The individual mandate can be distinguished from these cases, as it compels economic activity where Wickard and Raich did not. But what Raich showed is that the Supreme Court does not have the will to limit federal power when Congress has made the most modest of showings that the activity has economic effects. The individual mandate is likely to be upheld as part of a legislative scheme that regulates economic activity, and the insult to our constitutional government, designed to limit the federal government to enumerated powers, will have received judicial sanction.

Moreover, as Cline goes on to point out, the Court may not even need to reach the Commerce Clause issue. The Solicitor General, who will be arguing the case in favor of upholding the law, will clearly argue that the mandate and it’s penalty provision are, in reality, a tax, which would be governed under the General Welfare Clause. If that’s the case, then the challenge is pretty much doomed:

The last time a penalty was deemed an unconstituional tax by the Supreme Court was 1922, and since then the Court has permitted taxes on gambling, tobacco, alcohol and a number of other disfavored activities. Should the Commerce Clause prove to be an indefensible basis of authority, the General Welfare Clause would likely be another source of authority. The current Supreme Court, which time and again demonstrates its willingness to uphold the modern regulatory state to legal challenge, is unlikely to delve into a nearly century old line of cases limiting Congress’s ability to impose penalties as taxes.

If they’re not going to over-rule a clearly wrong 68 year old case, they sure aren’t going to overrule one that’s more than a century old.
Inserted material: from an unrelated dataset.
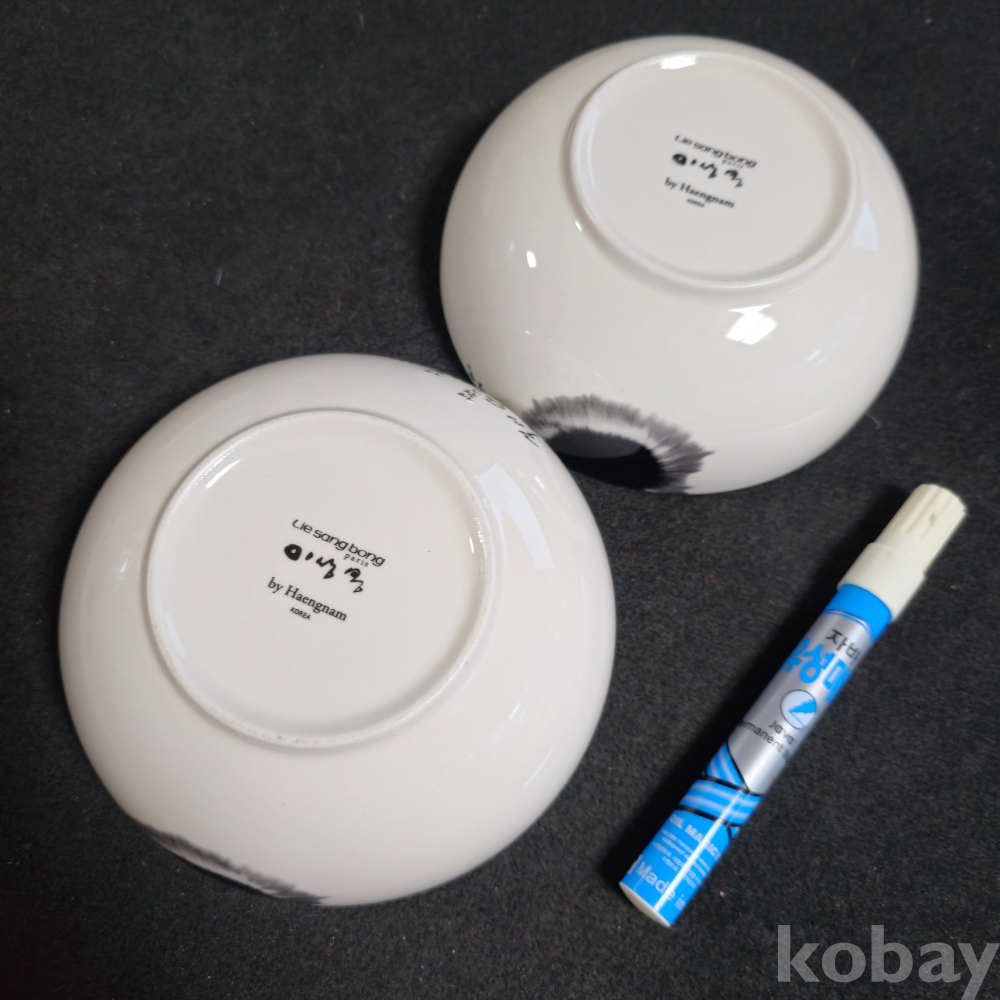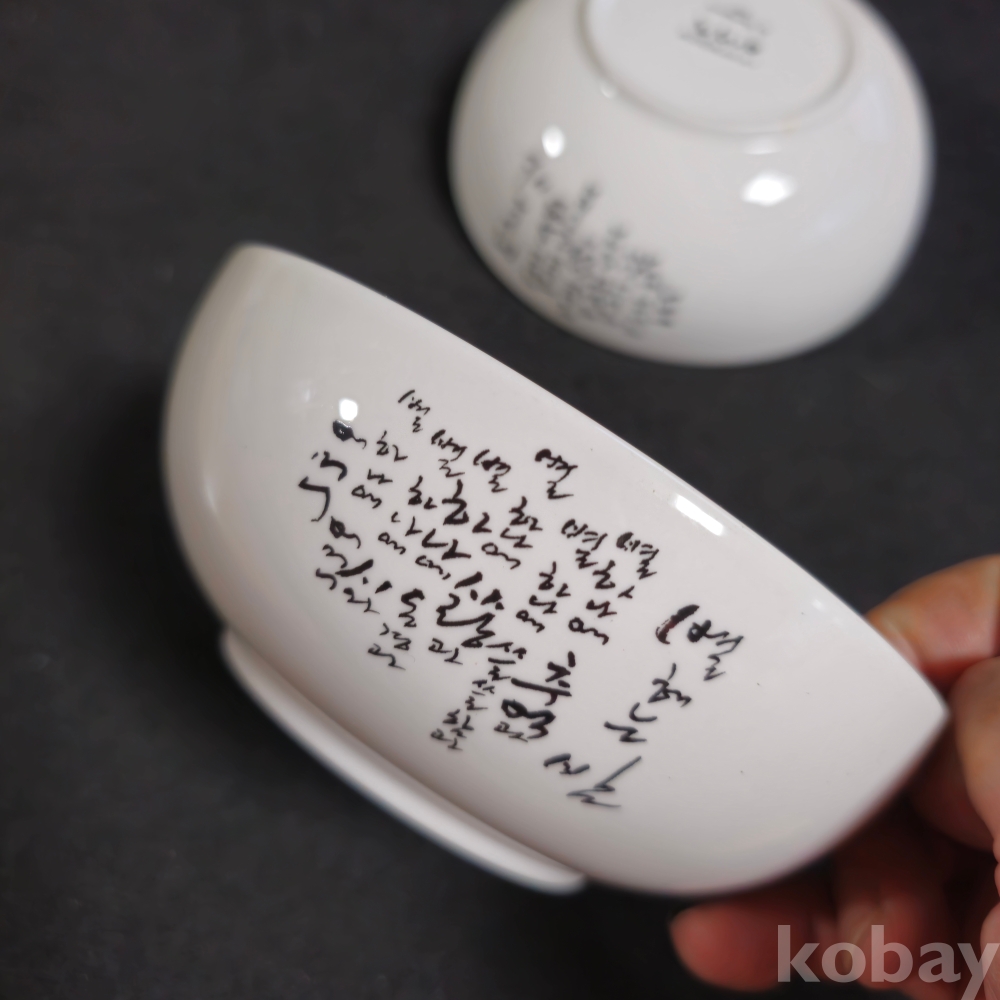 (((근현대사자료/도자기컵))) 오래전 윤동주시인의 별헤는밤 문구담긴 도자기 대접 2개 (이상봉교수/행남사)

Over at The Volokh Conspiracy, Orin Kerr gives odds on how likely a SCOTUS ruling against ObamaCare actually is:

With all this blogging here at the VC about whether the courts will invalidate the individual mandate as exceeding Congress’s Article I authority, I thought I would add my two cents by estimating the odds of that happening. In my view, there is a less than 1% chance that courts will invalidate the individual mandate as exceeding Congress’s Article I power. I tend to doubt the issue will get to the Supreme Court: The circuits will be splitless, I expect, and the Supreme Court will decline to hear the case. In the unlikely event a split arises and the Court does take it, I would expect a 9–0 (or possibly 8–1) vote to uphold the individual mandate.

Blogging about such issues tends to bring out some unhappy responses, so let me be clear about a few things: (a) I don’t like the individual mandate, (b) if I were a legislator, I wouldn’t have voted for it, (c) I don’t like modern commerce clause doctrine, (d) if I were magically made a Supreme Court Justice in the mid 20th century, I wouldn’t have supported the expansion of the commerce clause so that it covers, well, pretty much everything, (e) I agree that the individual mandate exceeds an originalist understanding of the Commerce Clause, and (f) I agree that legislators and the public are free to interpret the Constitution differently than the courts and to vote against (or ask their legislator to vote against) the legislation on that basis.

But with all of these caveats, I’ll stand by my prediction.

I agree with Kerr.

That doesn’t mean that the law shouldn’t be challenged in Court. It should. These arguments need to be made and, even if the challenges are ultimately unsuccessful, they will bring to the forefront issues about the size and scope of government, and the extent to which the limitations of the Constitution have been exceeded that maybe, just maybe, the American people will wake up.